> [Exercise] From the line containing "Figure 2. 包含场景参比图的安讯士雷达用户界面。" down to the line containing "No78. 鰭ヶ崎駅 20070901 (土) 15:30", copy out the entries below exactly, both lines included, and nothing else; pictures do not belong in the copy.

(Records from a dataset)
....................

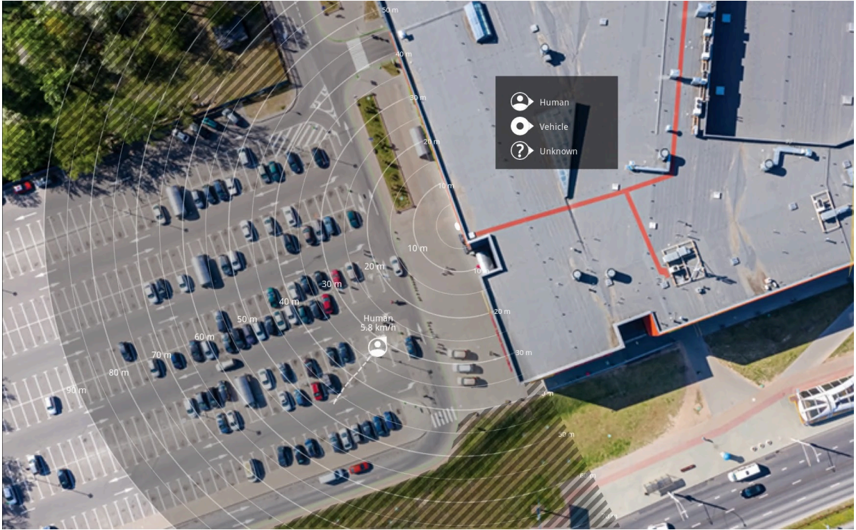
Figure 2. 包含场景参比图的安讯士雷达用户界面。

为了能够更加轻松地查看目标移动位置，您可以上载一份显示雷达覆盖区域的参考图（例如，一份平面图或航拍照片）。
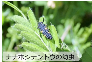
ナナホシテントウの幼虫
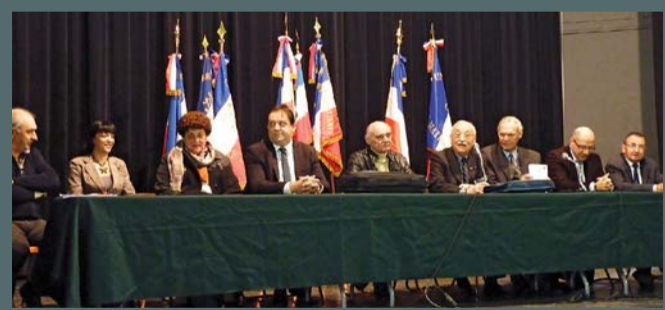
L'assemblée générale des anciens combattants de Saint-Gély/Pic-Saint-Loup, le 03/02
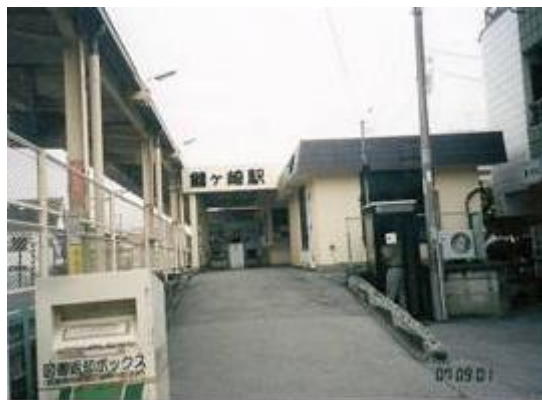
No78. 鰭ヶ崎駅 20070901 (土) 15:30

....................

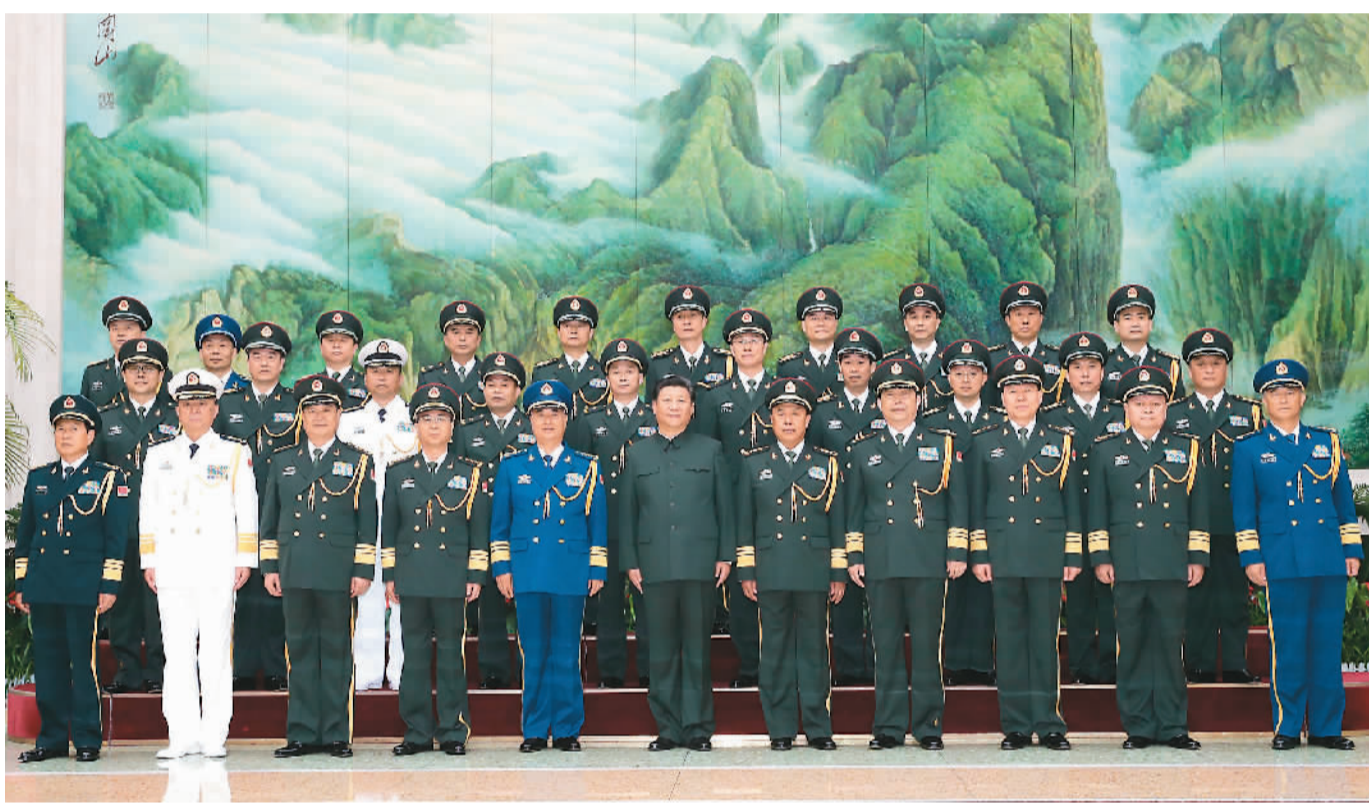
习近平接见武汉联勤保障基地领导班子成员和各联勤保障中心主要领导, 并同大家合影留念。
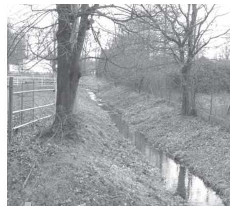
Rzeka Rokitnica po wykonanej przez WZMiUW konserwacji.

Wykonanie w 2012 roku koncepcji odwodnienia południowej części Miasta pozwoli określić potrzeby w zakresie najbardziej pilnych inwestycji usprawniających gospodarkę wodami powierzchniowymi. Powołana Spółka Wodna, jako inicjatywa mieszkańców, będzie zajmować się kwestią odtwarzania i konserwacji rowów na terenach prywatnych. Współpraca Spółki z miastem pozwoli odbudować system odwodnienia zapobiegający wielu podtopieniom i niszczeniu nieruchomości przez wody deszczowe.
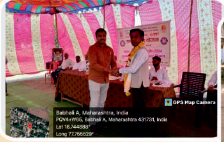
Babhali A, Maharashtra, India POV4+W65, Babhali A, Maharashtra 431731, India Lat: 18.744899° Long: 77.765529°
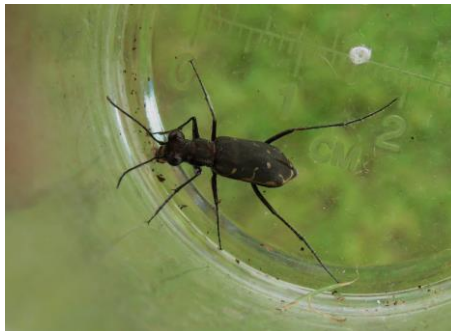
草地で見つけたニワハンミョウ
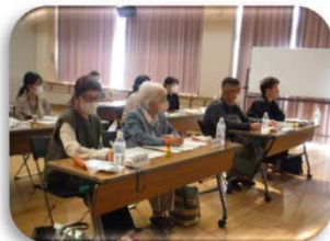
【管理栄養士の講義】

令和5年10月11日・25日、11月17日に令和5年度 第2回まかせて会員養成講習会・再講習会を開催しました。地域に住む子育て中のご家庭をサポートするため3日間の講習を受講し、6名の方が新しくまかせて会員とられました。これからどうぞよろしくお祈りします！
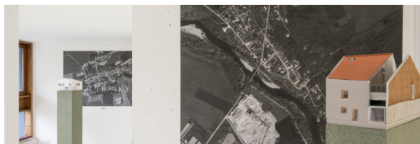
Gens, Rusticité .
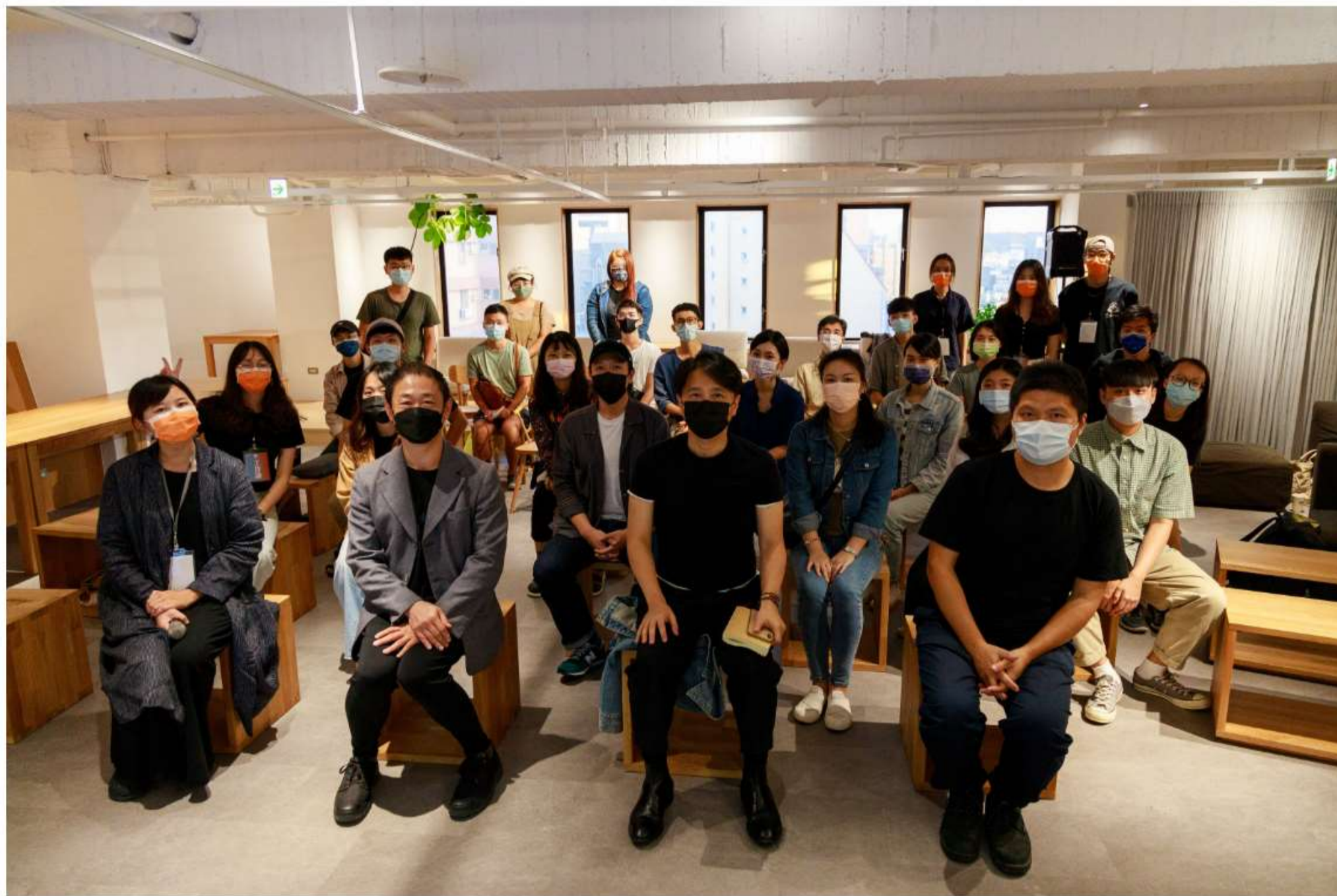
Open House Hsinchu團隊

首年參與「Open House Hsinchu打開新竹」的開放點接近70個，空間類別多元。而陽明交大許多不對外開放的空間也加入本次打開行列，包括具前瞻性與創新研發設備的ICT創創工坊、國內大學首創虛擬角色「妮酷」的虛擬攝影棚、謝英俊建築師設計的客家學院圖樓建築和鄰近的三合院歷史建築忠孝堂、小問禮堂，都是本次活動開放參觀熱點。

....................

> [Output of the task]
Figure 2. 包含场景参比图的安讯士雷达用户界面。

为了能够更加轻松地查看目标移动位置，您可以上载一份显示雷达覆盖区域的参考图（例如，一份平面图或航拍照片）。
ナナホシテントウの幼虫
L'assemblée générale des anciens combattants de Saint-Gély/Pic-Saint-Loup, le 03/02
No78. 鰭ヶ崎駅 20070901 (土) 15:30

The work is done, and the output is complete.